** Supplied material follows **

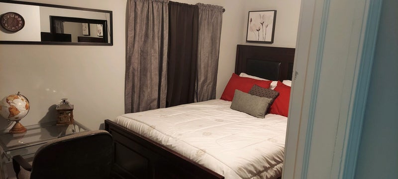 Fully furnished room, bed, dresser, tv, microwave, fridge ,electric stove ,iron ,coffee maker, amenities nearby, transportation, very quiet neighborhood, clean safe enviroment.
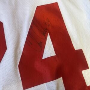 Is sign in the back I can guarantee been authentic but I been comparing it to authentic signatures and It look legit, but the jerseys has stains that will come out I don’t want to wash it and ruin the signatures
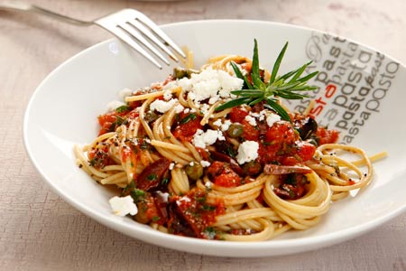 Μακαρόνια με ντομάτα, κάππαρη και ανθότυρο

** End of Supplied material **
** Supplied material follows **

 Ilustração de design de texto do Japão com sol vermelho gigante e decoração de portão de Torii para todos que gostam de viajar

** End of Supplied material **
** Supplied material follows **

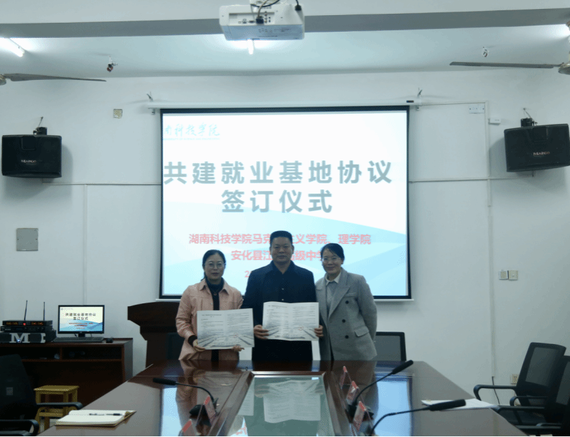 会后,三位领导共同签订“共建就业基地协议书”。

** End of Supplied material **

Give again the stretch of the entries above that begins at the line with "Fully furnished room, bed, dresser, tv, microwave, fridge" and ends at the line with "Μακαρόνια με ντομάτα, κάππαρη και ανθότυρο", word for word, with no pictures.

> _Output below_:
 Fully furnished room, bed, dresser, tv, microwave, fridge ,electric stove ,iron ,coffee maker, amenities nearby, transportation, very quiet neighborhood, clean safe enviroment.
 Is sign in the back I can guarantee been authentic but I been comparing it to authentic signatures and It look legit, but the jerseys has stains that will come out I don’t want to wash it and ruin the signatures
 Μακαρόνια με ντομάτα, κάππαρη και ανθότυρο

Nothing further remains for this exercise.